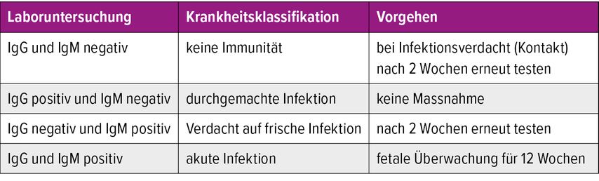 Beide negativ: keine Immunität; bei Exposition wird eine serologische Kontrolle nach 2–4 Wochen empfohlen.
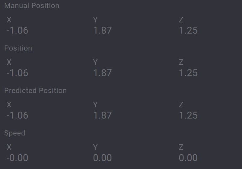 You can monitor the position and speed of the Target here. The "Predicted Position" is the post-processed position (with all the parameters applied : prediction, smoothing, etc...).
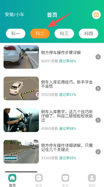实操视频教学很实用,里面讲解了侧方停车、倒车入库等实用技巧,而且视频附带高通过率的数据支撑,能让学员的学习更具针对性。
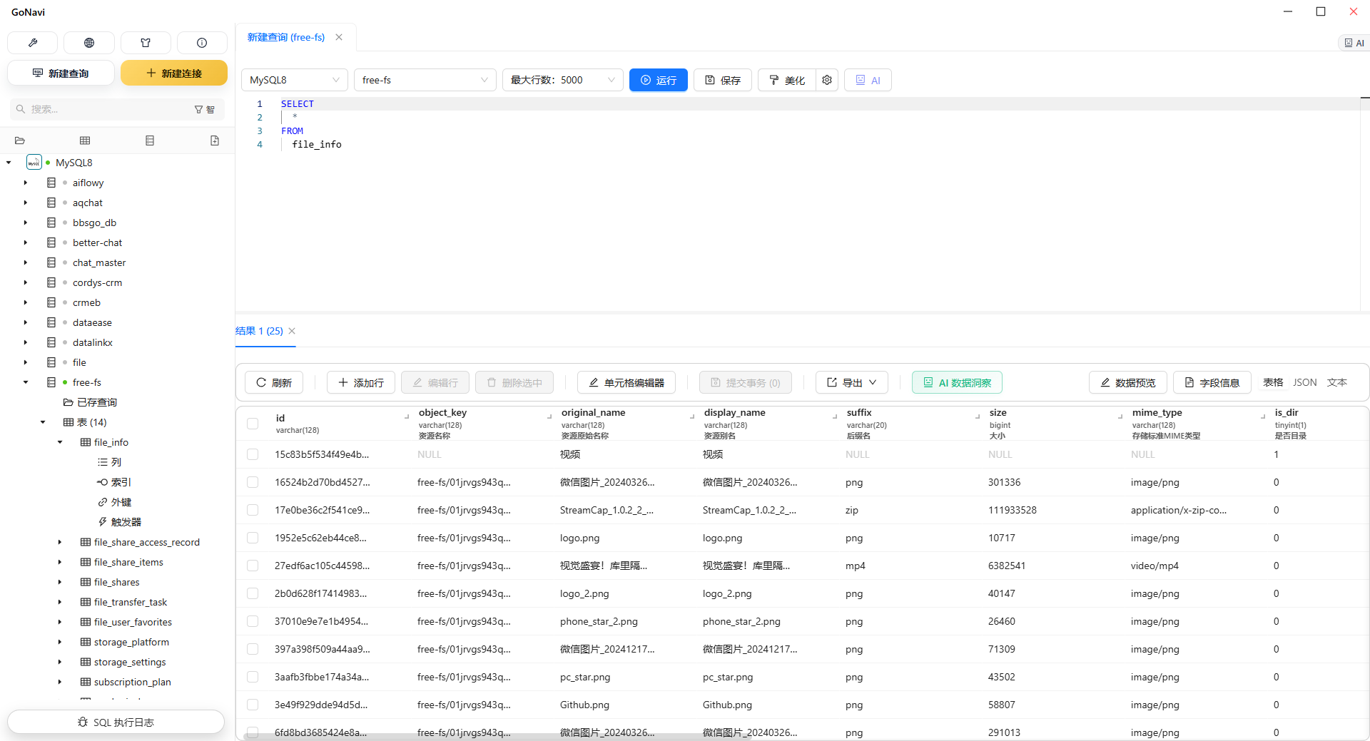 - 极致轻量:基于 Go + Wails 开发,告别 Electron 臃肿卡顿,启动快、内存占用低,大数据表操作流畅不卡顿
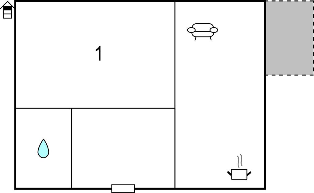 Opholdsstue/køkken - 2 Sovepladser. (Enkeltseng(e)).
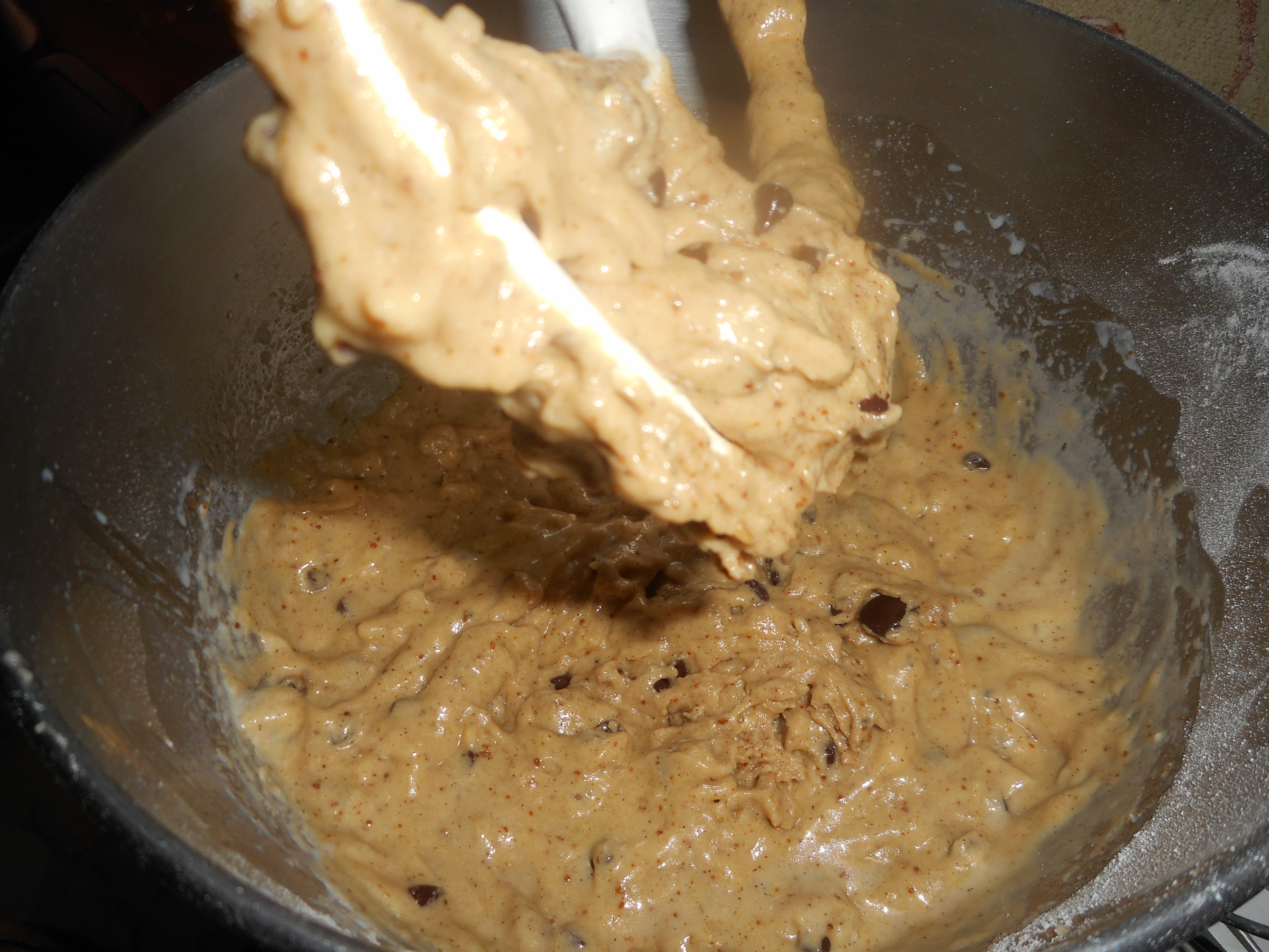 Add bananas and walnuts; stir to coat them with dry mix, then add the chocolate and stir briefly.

==

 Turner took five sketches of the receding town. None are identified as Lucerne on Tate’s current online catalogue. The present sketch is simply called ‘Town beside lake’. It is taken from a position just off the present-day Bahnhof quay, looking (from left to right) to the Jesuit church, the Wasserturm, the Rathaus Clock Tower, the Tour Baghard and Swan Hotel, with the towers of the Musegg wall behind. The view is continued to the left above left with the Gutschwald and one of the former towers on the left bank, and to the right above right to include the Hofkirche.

[What the exercise asks]: In the listing above, find the line with "Beide negativ: keine" and the line with "Add bananas and". Copy exactly those lines and all between them, minus the images.

[Output for this task]:
 Beide negativ: keine Immunität; bei Exposition wird eine serologische Kontrolle nach 2–4 Wochen empfohlen.
 You can monitor the position and speed of the Target here. The "Predicted Position" is the post-processed position (with all the parameters applied : prediction, smoothing, etc...).
实操视频教学很实用,里面讲解了侧方停车、倒车入库等实用技巧,而且视频附带高通过率的数据支撑,能让学员的学习更具针对性。
 - 极致轻量:基于 Go + Wails 开发,告别 Electron 臃肿卡顿,启动快、内存占用低,大数据表操作流畅不卡顿
 Opholdsstue/køkken - 2 Sovepladser. (Enkeltseng(e)).
 Add bananas and walnuts; stir to coat them with dry mix, then add the chocolate and stir briefly.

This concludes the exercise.